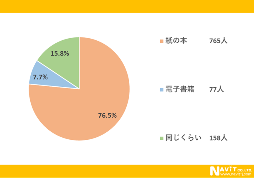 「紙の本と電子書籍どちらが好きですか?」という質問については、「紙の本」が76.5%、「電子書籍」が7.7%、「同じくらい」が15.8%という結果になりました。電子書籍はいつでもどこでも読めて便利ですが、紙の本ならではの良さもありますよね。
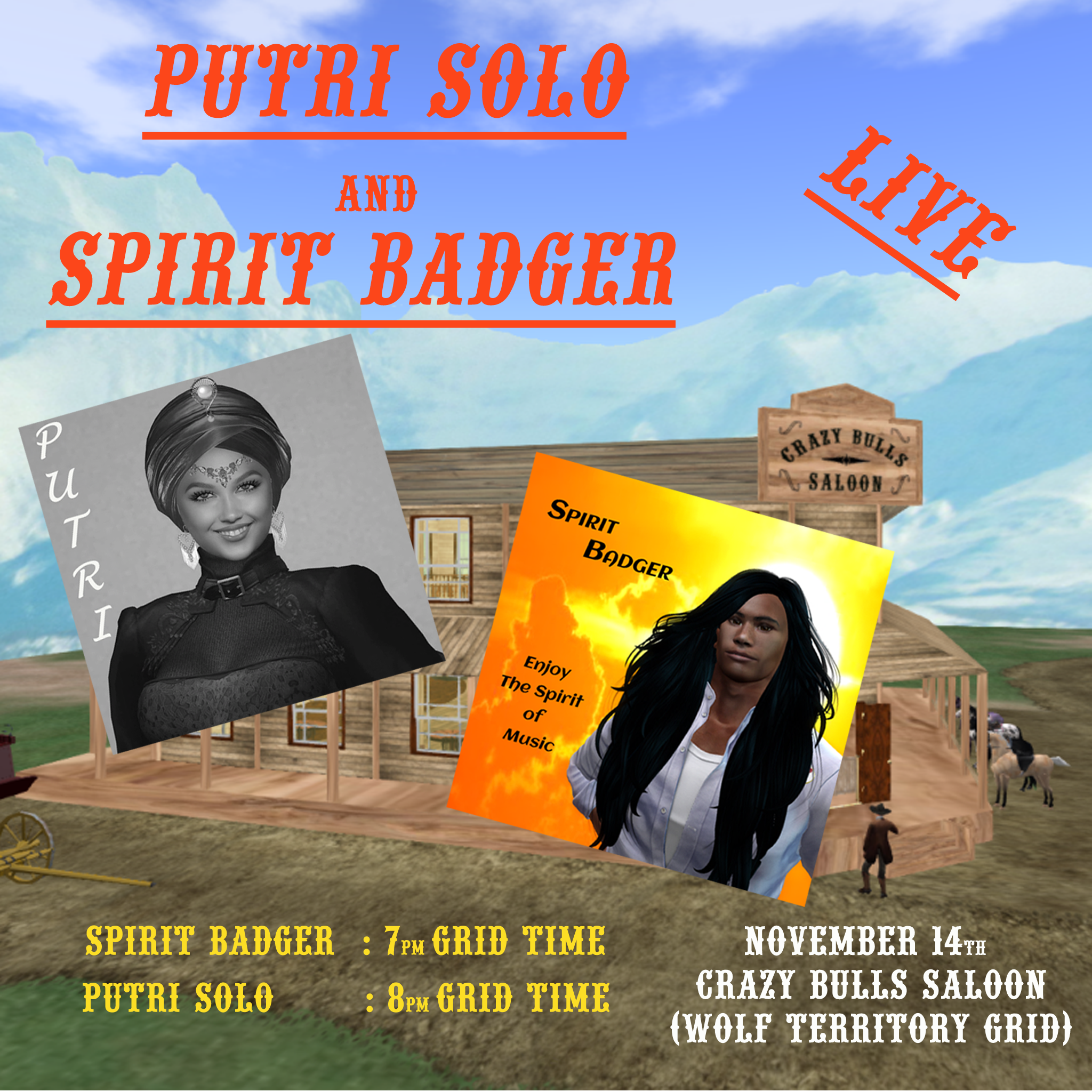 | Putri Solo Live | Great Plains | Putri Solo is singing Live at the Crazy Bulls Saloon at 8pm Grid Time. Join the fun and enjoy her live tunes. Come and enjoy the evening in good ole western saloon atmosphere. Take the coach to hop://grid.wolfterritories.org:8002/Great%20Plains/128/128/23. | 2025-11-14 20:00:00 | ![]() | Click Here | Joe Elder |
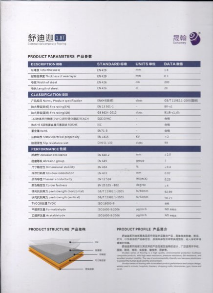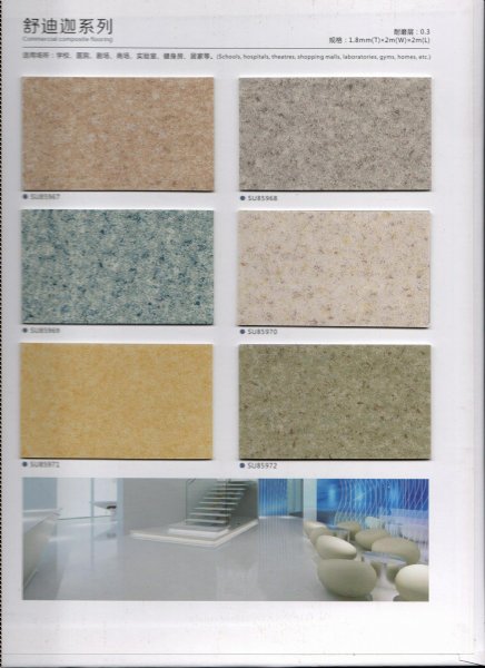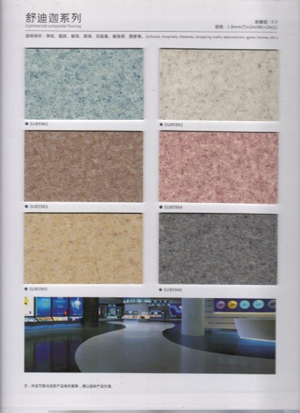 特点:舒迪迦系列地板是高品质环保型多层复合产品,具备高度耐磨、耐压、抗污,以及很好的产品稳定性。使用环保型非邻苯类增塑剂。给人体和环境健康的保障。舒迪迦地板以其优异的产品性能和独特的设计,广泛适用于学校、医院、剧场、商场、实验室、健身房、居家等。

- _REQUIRED ACTION_:
Restate word for word the lines from the one with "Joe Elder |" to the end of the material, both included. Do not include the pictures.

- _RESPONSE FOR THIS EXERCISE_:
 | Putri Solo Live | Great Plains | Putri Solo is singing Live at the Crazy Bulls Saloon at 8pm Grid Time. Join the fun and enjoy her live tunes. Come and enjoy the evening in good ole western saloon atmosphere. Take the coach to hop://grid.wolfterritories.org:8002/Great%20Plains/128/128/23. | 2025-11-14 20:00:00 | ![]() | Click Here | Joe Elder |
 特点:舒迪迦系列地板是高品质环保型多层复合产品,具备高度耐磨、耐压、抗污,以及很好的产品稳定性。使用环保型非邻苯类增塑剂。给人体和环境健康的保障。舒迪迦地板以其优异的产品性能和独特的设计,广泛适用于学校、医院、剧场、商场、实验室、健身房、居家等。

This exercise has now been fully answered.